**Task requirements**
Instruction for the entries below: return the part that opens with the line containing "Medidas (AxLxP): 820 a 900 x 598 x 555mm" and closes with the line containing "Rich green leaves", exactly, and no pictures.

**Data for analysis**
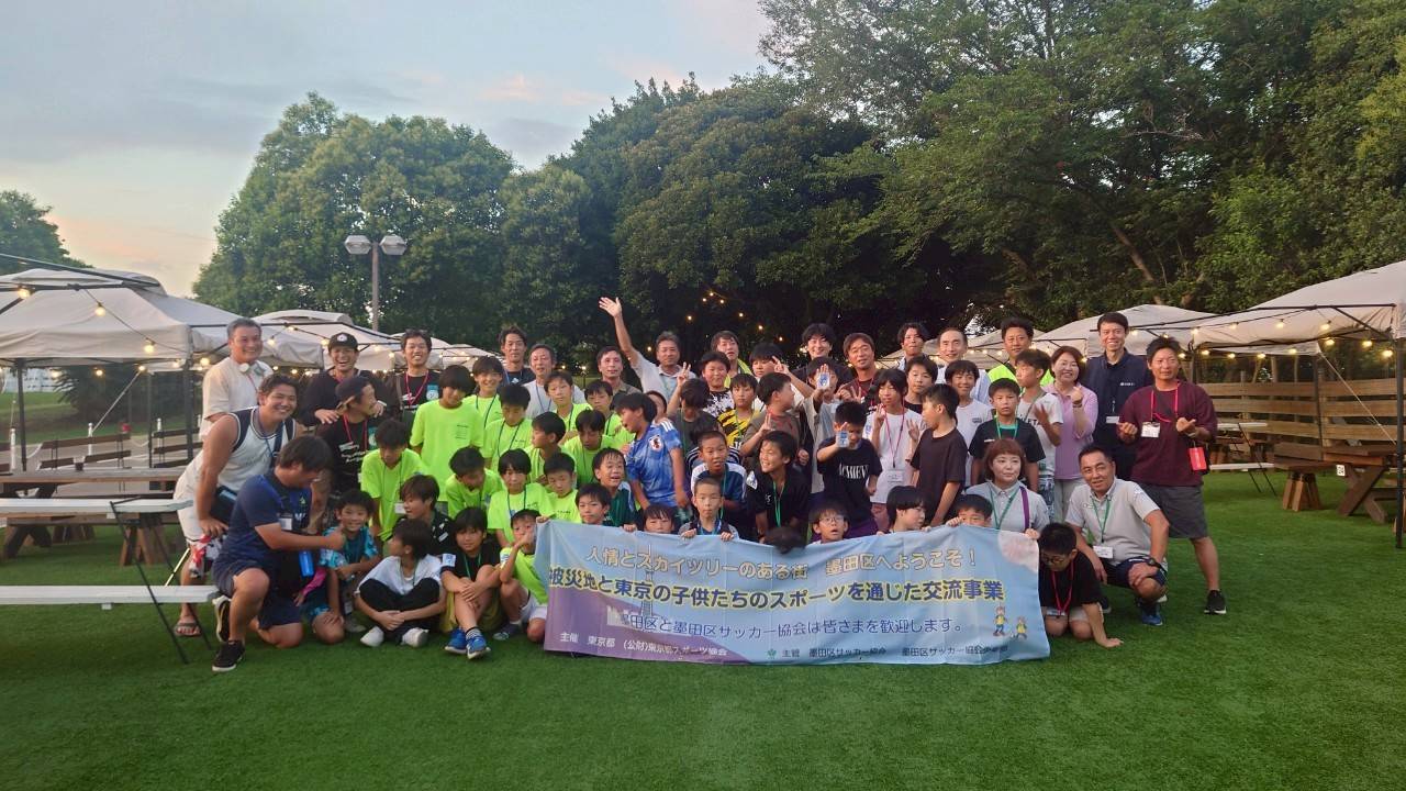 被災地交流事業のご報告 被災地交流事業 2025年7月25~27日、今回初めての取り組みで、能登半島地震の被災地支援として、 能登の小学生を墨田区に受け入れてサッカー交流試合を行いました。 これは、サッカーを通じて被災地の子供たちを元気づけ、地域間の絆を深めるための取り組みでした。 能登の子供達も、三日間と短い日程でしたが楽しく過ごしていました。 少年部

==

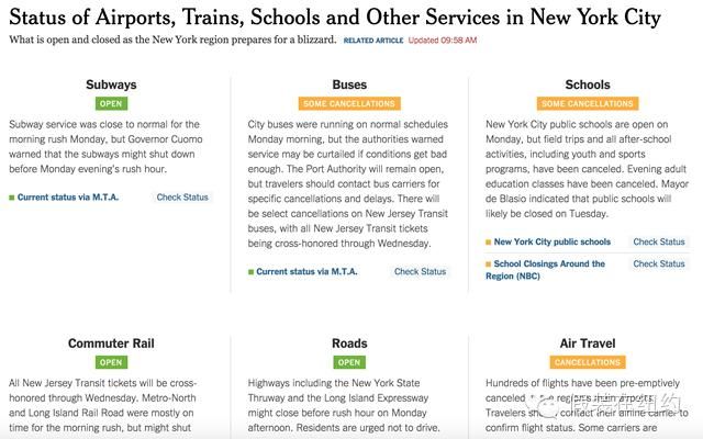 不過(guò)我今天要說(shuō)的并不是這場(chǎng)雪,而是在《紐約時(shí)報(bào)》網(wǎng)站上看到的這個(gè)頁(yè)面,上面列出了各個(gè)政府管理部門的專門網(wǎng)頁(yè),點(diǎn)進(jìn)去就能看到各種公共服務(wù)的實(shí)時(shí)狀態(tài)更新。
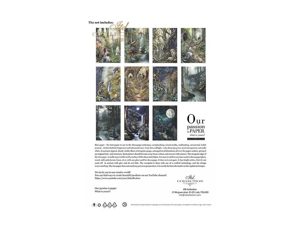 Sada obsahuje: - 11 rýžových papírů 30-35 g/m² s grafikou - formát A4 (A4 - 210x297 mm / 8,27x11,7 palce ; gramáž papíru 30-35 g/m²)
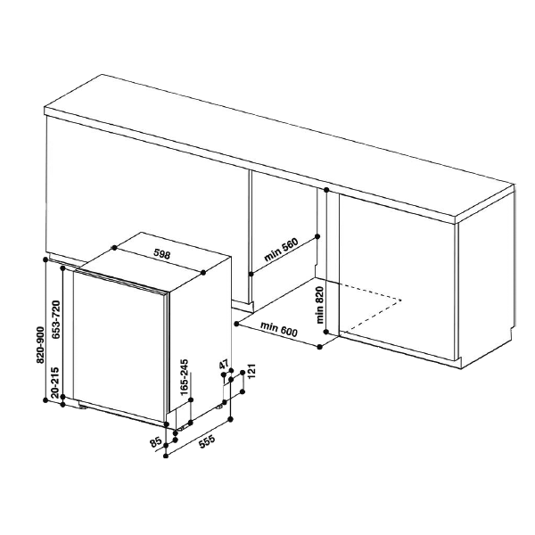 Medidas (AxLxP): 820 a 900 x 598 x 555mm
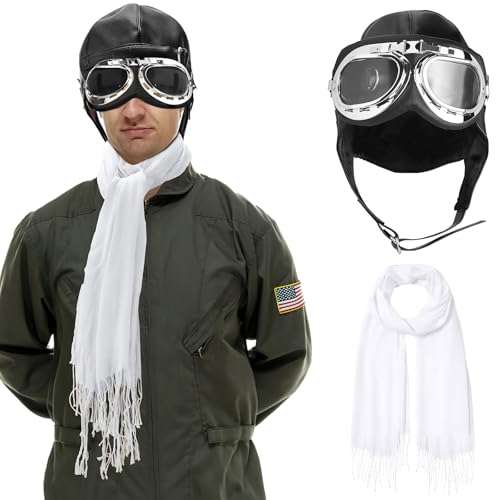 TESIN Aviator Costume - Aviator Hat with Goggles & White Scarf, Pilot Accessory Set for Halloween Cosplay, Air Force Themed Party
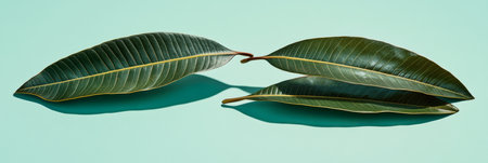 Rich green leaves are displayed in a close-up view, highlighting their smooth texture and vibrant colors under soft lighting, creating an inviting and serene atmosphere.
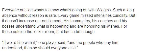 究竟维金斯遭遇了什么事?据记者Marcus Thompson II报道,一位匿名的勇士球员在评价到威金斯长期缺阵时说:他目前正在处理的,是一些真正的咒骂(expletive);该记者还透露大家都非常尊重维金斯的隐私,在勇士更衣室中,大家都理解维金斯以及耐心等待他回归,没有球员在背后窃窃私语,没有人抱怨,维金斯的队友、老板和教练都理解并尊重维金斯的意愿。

* * *

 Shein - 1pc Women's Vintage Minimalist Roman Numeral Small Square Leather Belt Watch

**Result of this exercise**
 Medidas (AxLxP): 820 a 900 x 598 x 555mm
 TESIN Aviator Costume - Aviator Hat with Goggles & White Scarf, Pilot Accessory Set for Halloween Cosplay, Air Force Themed Party
 Rich green leaves are displayed in a close-up view, highlighting their smooth texture and vibrant colors under soft lighting, creating an inviting and serene atmosphere.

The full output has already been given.